## LISTED RECORDS
★ ★ ★ ★ ★ ★ ★
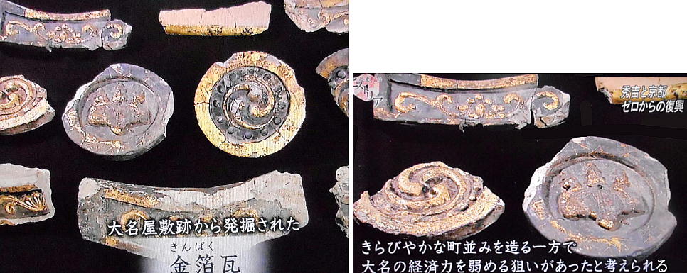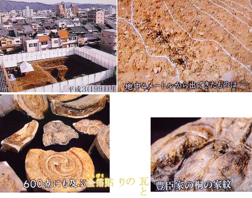 え工事が行われていた1992年(平成4年)に、工事現場の地中から金箔の付着した瓦約600点が出土した。そこは聚楽第本丸東堀が
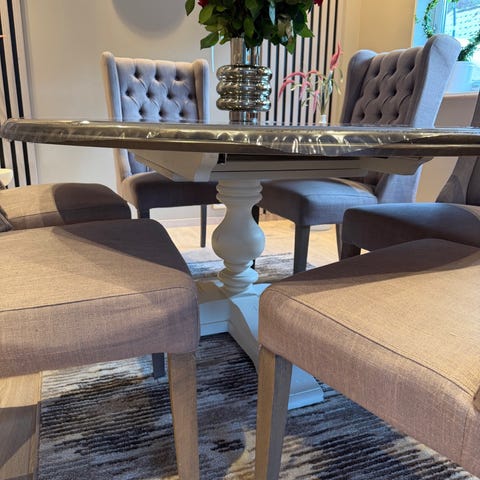 Smokey (M) rundt spisebord Ø120 H76 melamin mdf grå med metallben svart.
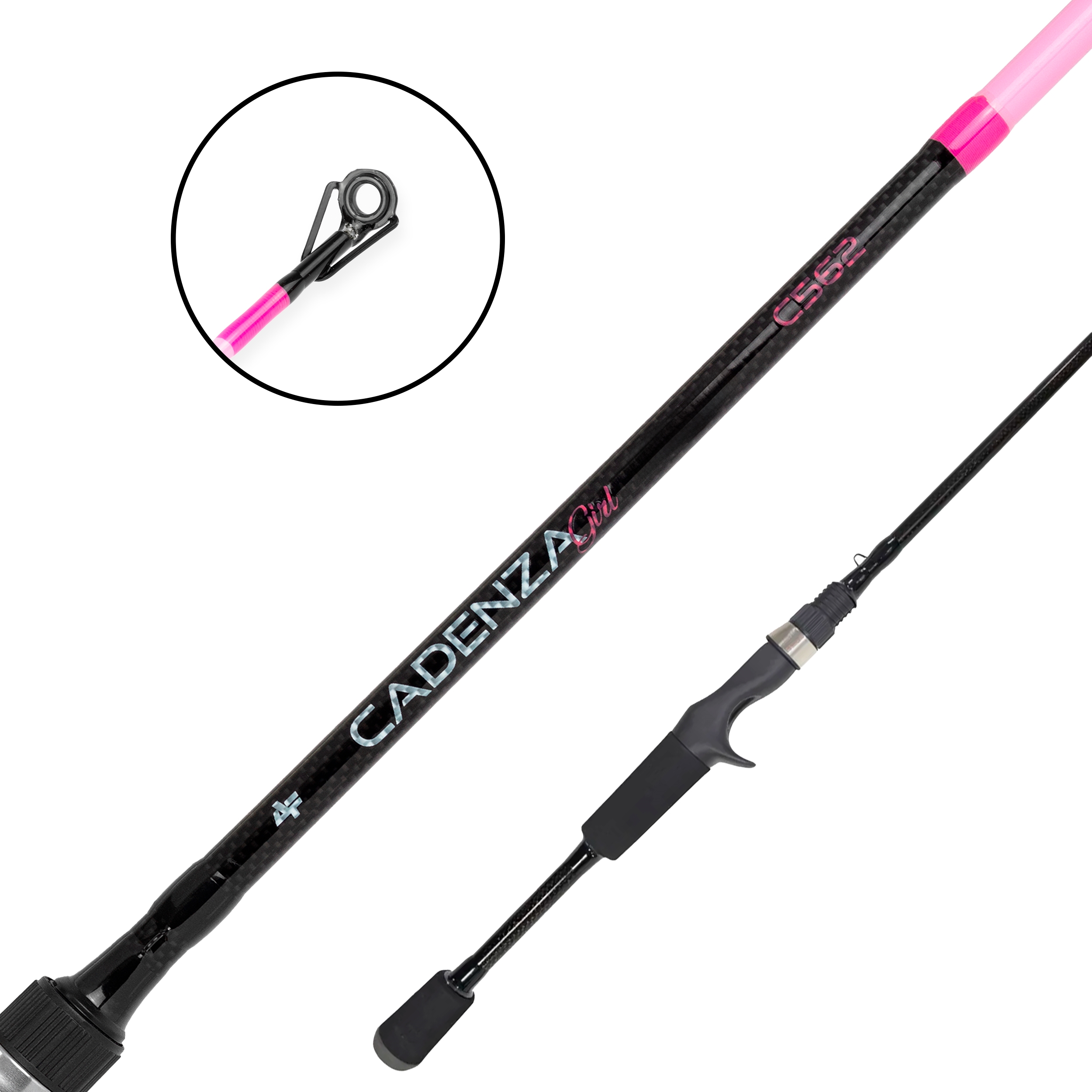 • Vara Cadenza Girl: 1,70m | Passadores: 1 (Pata dupla) + 3 (Pata simples) + 1 (Ponteira) | Ação: Rápida | 10-20 Lbs; | Peso: 115g | 2 Partes | Casting: 14g a 28g | Cabo: 20cm
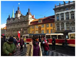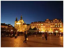 Historical buildings stand around the square, and in the center is a monument to the religious reformer Jan Hus.
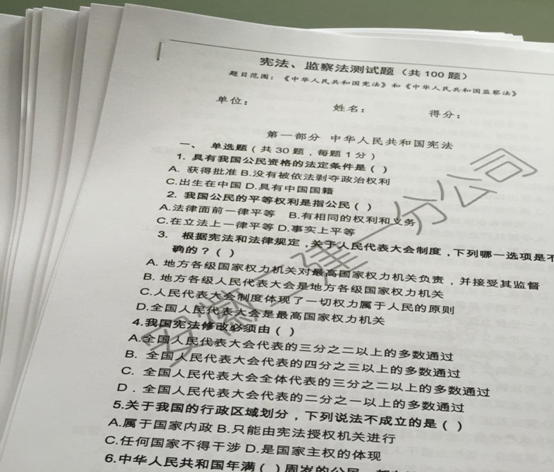 為維護(hù)憲法權(quán)威,貫徹落實(shí)監(jiān)察法,5月11日,一分公司組織開(kāi)展領(lǐng)導(dǎo)班子、科室負(fù)責(zé)人、項(xiàng)目經(jīng)理兩法學(xué)習(xí)專題活動(dòng)。支部書(shū)記倪海霞針對(duì)5月9日在分公司QQ群中分享的電子檔“兩法”文件,結(jié)合分公司工作實(shí)際與參會(huì)人員一起研讀學(xué)習(xí)中華人民共和國(guó)憲法、中華人民共和國(guó)監(jiān)察法,暢談學(xué)習(xí)心得體會(huì),努力營(yíng)造學(xué)習(xí)宣貫兩法的濃厚氛圍,讓兩法精神深入人心。會(huì)后,分公司對(duì)參會(huì)人員進(jìn)行試卷考核,更讓大家牢固樹(shù)立法律紅線不能觸碰、法律底線不能逾越的觀念。
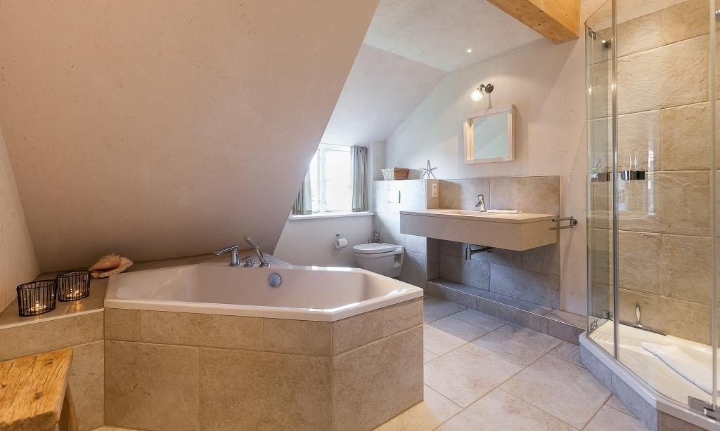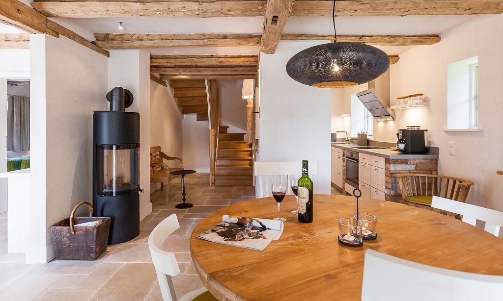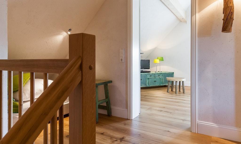 Über den kleinen Flur gelangst du in den großzügigen und lichtdurchfluteten Wohnraum mit einer gemütlichen Sitzecke am modernen Kaminofen. Der einladende Essbereich und die hochwertige Einbauküche sind unmittelbar in den Wohnbereich integriert. Das Schlafzimmer ist mit einem Doppelbett ausgestattet. Das edle Bad verfügt über Dusche/WC. Das Obergeschoss beherbergt ein zweites Schlafzimmer mit einem Doppelbett sowie ein exklusives Badezimmer mit Wanne, Dusche und WC. In einer kleinen Nische ist eine gemütliche Kuschelecke untergebracht.
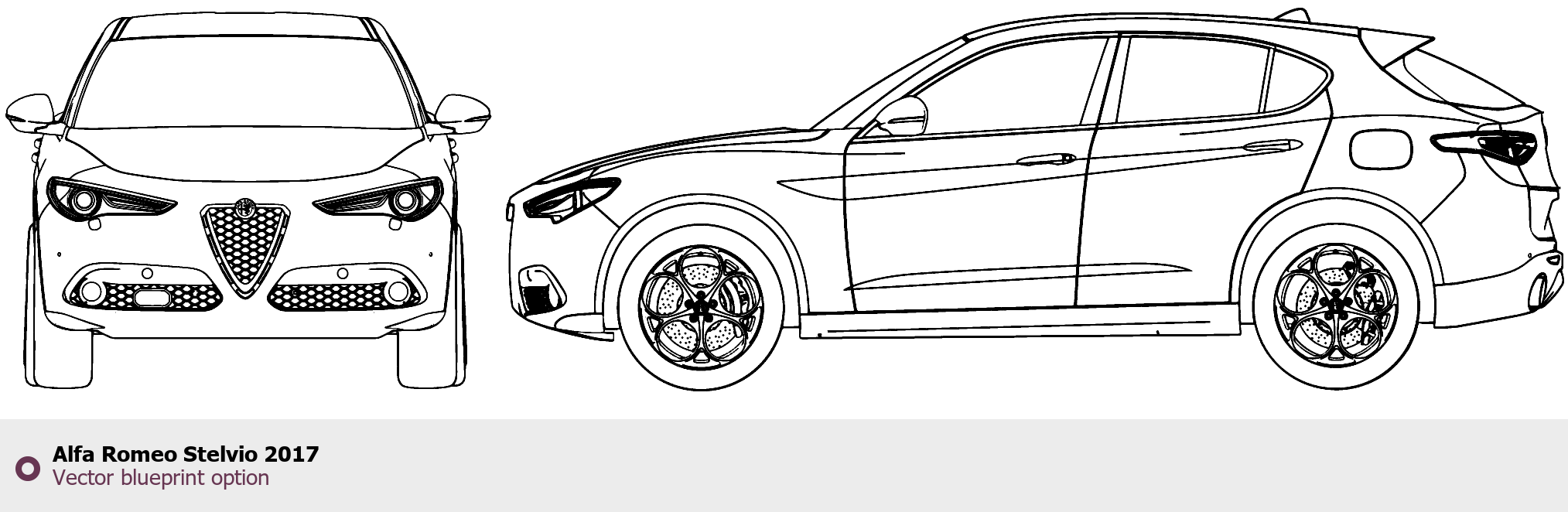 Raster blueprint of the 2017 Alfa Romeo Stelvio SUV. This free downloadable image can be used for graphic projects, digital design, and 3D modeling. The file provides accurate exterior proportions of the vehicle. Model year: 2017. Body type: SUV.
★ ★ ★ ★ ★ ★ ★
## WHAT TO DO
Reproduce all the entries above exactly. Include no images.

## EXERCISE RESULT
 え工事が行われていた1992年(平成4年)に、工事現場の地中から金箔の付着した瓦約600点が出土した。そこは聚楽第本丸東堀が
 Smokey (M) rundt spisebord Ø120 H76 melamin mdf grå med metallben svart.
 • Vara Cadenza Girl: 1,70m | Passadores: 1 (Pata dupla) + 3 (Pata simples) + 1 (Ponteira) | Ação: Rápida | 10-20 Lbs; | Peso: 115g | 2 Partes | Casting: 14g a 28g | Cabo: 20cm
 Historical buildings stand around the square, and in the center is a monument to the religious reformer Jan Hus.
 為維護(hù)憲法權(quán)威,貫徹落實(shí)監(jiān)察法,5月11日,一分公司組織開(kāi)展領(lǐng)導(dǎo)班子、科室負(fù)責(zé)人、項(xiàng)目經(jīng)理兩法學(xué)習(xí)專題活動(dòng)。支部書(shū)記倪海霞針對(duì)5月9日在分公司QQ群中分享的電子檔“兩法”文件,結(jié)合分公司工作實(shí)際與參會(huì)人員一起研讀學(xué)習(xí)中華人民共和國(guó)憲法、中華人民共和國(guó)監(jiān)察法,暢談學(xué)習(xí)心得體會(huì),努力營(yíng)造學(xué)習(xí)宣貫兩法的濃厚氛圍,讓兩法精神深入人心。會(huì)后,分公司對(duì)參會(huì)人員進(jìn)行試卷考核,更讓大家牢固樹(shù)立法律紅線不能觸碰、法律底線不能逾越的觀念。
 Über den kleinen Flur gelangst du in den großzügigen und lichtdurchfluteten Wohnraum mit einer gemütlichen Sitzecke am modernen Kaminofen. Der einladende Essbereich und die hochwertige Einbauküche sind unmittelbar in den Wohnbereich integriert. Das Schlafzimmer ist mit einem Doppelbett ausgestattet. Das edle Bad verfügt über Dusche/WC. Das Obergeschoss beherbergt ein zweites Schlafzimmer mit einem Doppelbett sowie ein exklusives Badezimmer mit Wanne, Dusche und WC. In einer kleinen Nische ist eine gemütliche Kuschelecke untergebracht.
 Raster blueprint of the 2017 Alfa Romeo Stelvio SUV. This free downloadable image can be used for graphic projects, digital design, and 3D modeling. The file provides accurate exterior proportions of the vehicle. Model year: 2017. Body type: SUV.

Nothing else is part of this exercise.